The O2 saturation on the right side of the heart in blood returning from the body is 75%. The O2 saturation on the left side is 95%.
C. VSD (MC)
Who’s stronger -‐ left or right ventricle? Left, therefore the direction of the shunt is left to right. So, oxygenated blood will be dumped into the right ventricle, leading to step up. Also, it will pump it out of the pulmonary artery, leading to step up. So, you have a step up of O2 in right vent and pul artery. What if this is not corrected? With this mech, you are volume overloading the right side of the heart b/c of all that blood coming over. The outcome of this will be pulmonary HTN (the pulmonary artery has to deal with more blood and must contract more – leading to pul HTN) – Once pul HTN occurs, right ventricle will have a problem contracting and it will get hypertrophied. Suddenly, you run the risk of reversing a shunt b/c then right ventricle could eventually be stronger than the left. So, it will be a right to left shunt – this is called Eisenmenger’s syndrome. So, an uncorrected left to right shunt has the potential for producing Eisenmenger’s syndrome. After reversal of the shunt occurs, pt will have cyanosis (aka cyanosis tardive). Most VSD’s close spontaneously and some need to be patched.
D. ASD
Normal for a fetus to have a patent foramen ovale; it is not normal once they are born. Which direction will blood go through the foramen ovale? Left to right (b/c the left side is always stronger than the right). Therefore, what will happen to the right atrium? Step up – so it will go from 75 to 80%. What will happen to the right ventricle and pulmonary artery? Step up. So, what is the main diff in O2 saturations in VSD vs ASD? ASD is step up of O2 also in the right atrium. Are you volume overloading the right heart? Yes. So do you run a risk for Eisenmenger’s? Yes. What else are at increased risk for? Paradoxical embolization.
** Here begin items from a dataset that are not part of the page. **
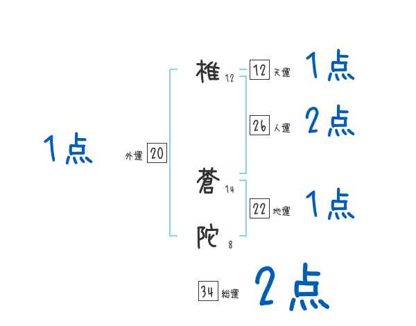 天運![]() | 椎蒼陀さんの天運は12画の1つ星!簡単な失敗で諦めてしまいやすいかも。着実に行動すると良いでしょう。 家系が持つ宿命的な運勢を表します。祖先から受け継いだ苗字ですので自分の力が及びません。家柄を象徴します。 |
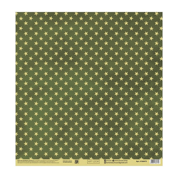 Бумага для скрапбукинга «Армейские звёзды», 30.5×32 см, 190 г/м² — Характеристики
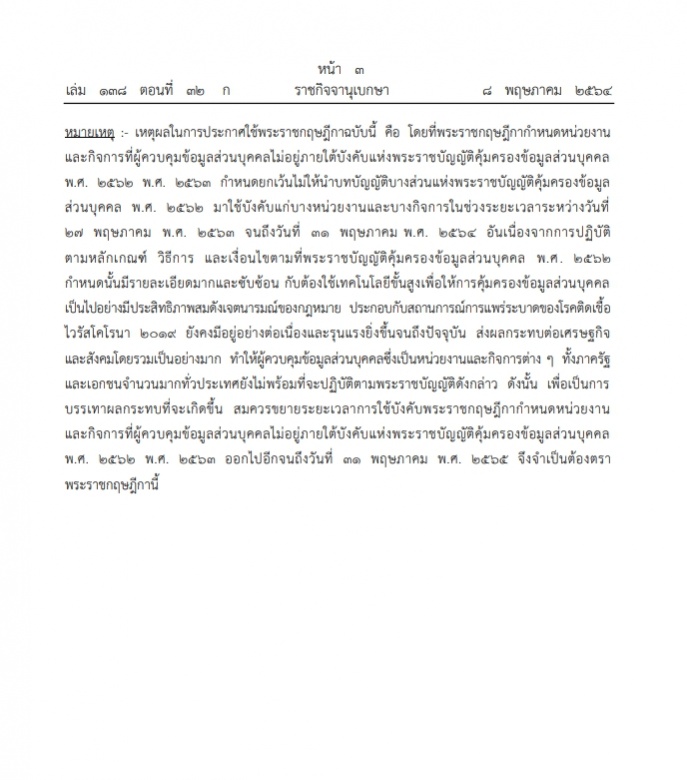 ‘ราชกิจจานุเบกษา’ เผยแพร่ประกาศ พระราชกฤษฎีกา เลื่อนการบังคับใช้ พ.ร.บ.คุ้มครองข้อมูลส่วนบุคคล ออกไปถึง 31 พ.ค.2565
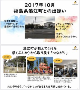 当初は「学生を巻き込んだイベントを企画しよう」「みんなが主体的に参加できるイベントとは何か」といった、ややアウトプットに焦点を絞った思考での議論が主でした。しかし、会を重ね、「なぜやるか」という本質的な問いを深める中で、「浪江町の人にとって祭りとは何か」「祭りをきっかけに人が集まり、共助の意識が芽生える」「強制されない防災や地域づくり」といった、団体様が最も大事にしたい理念に目が向くようになりました。
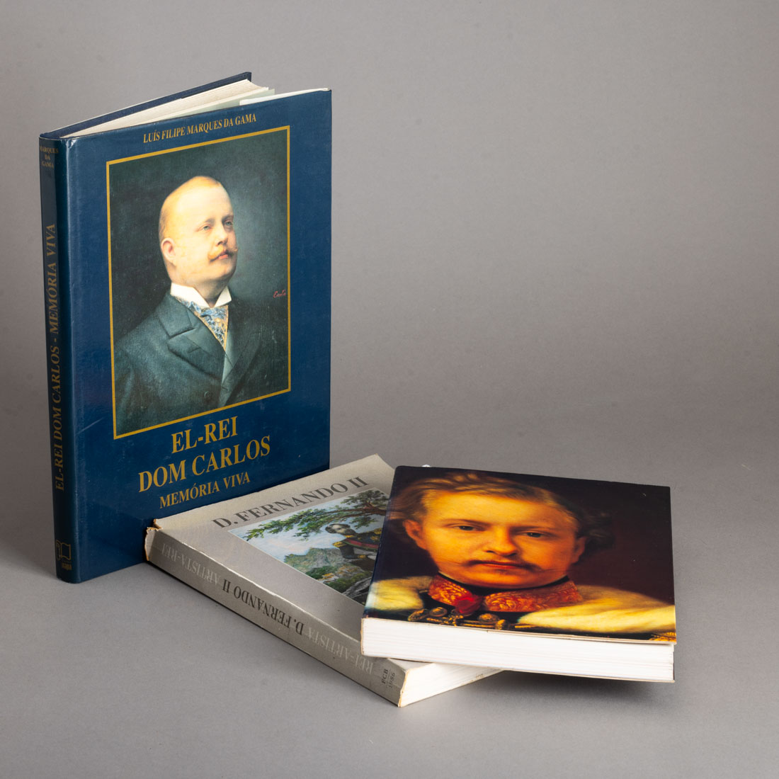 "El-Rei Dom Carlos memória Viva" de Luís Filipe Marques da Gama, edições Inapa; "D. Fernando II Rei-Artista" de José Teixeira, Fundação da Casa de Bragança 1986 e "D. Luís Duque do Porto e Rei de Portugal" do Palácio da Ajuda. Sinais de uso e pequens defeitos.
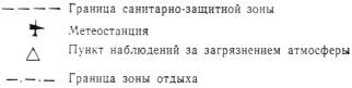 На карту-схему наносятся промплощадки (с основными источниками выброса), санитарно-защитные зоны, существующие жилые кварталы и территории, участки перспективной жилой застройки, зоны отдыха, санатории, дома отдыха, метеостанции, пункты наблюдении за загрязнением атмосферы.

What if you weren’t lucky enough to have a DVT in the leg, and it embolize up and the pressures of the right side of the heart are increasing, and you have a patent foramen ovale – will there be an embolus that can go from the right atrium to the left atrium and will have a venous clot in arterial circulation? Yes – this occurs in pts with ASD.
MC teratogen that has ASD associated with it? Fetal alcohol syndrome (1/5000) E. PDA
It’s normal in a fetus but not when they are born. Connection between the aorta and pulmonary artery – which is stronger? Aorta. So, oxygenated blood goes from left and get dumped in the pulmonary artery before going into the lungs. So, what happens in the pulmonary artery? Step up. So, now its 80% O2 saturation – the pulmonary artery is the only thing that has a step up of O2. Then will go under the lungs and the pulmonary vein will have the normal 95% O2 sat. B/c there is an opening between these, there is blood going back and forth during systole and diastole – machinery murmur – where is it heard best? Between shoulder blades.
Can you vol. overload the right heart? Yes. Pulmonary HTN? Yes. Now which way will the shunt go? Will go the same way when it was a fetus; you will have unO2’d blood dumping into the aorta. Where does the ductus empty? Distal to the subclavian artery – so, the baby will have pink on top and blue on bottom b/c dumping unO2’d blood below the subclavian artery, therefore will have differential cyanosis – pink on top, cyanotic on bottom. What is the teratogen assoc with PDA? Congenital Rubella. If you had a PDA, can you close it off without surgery? Yes.
How? Indomethacin -‐ this is a potent NSAID, which would inhibit PGE2, and therefore would start constricting and close on its own.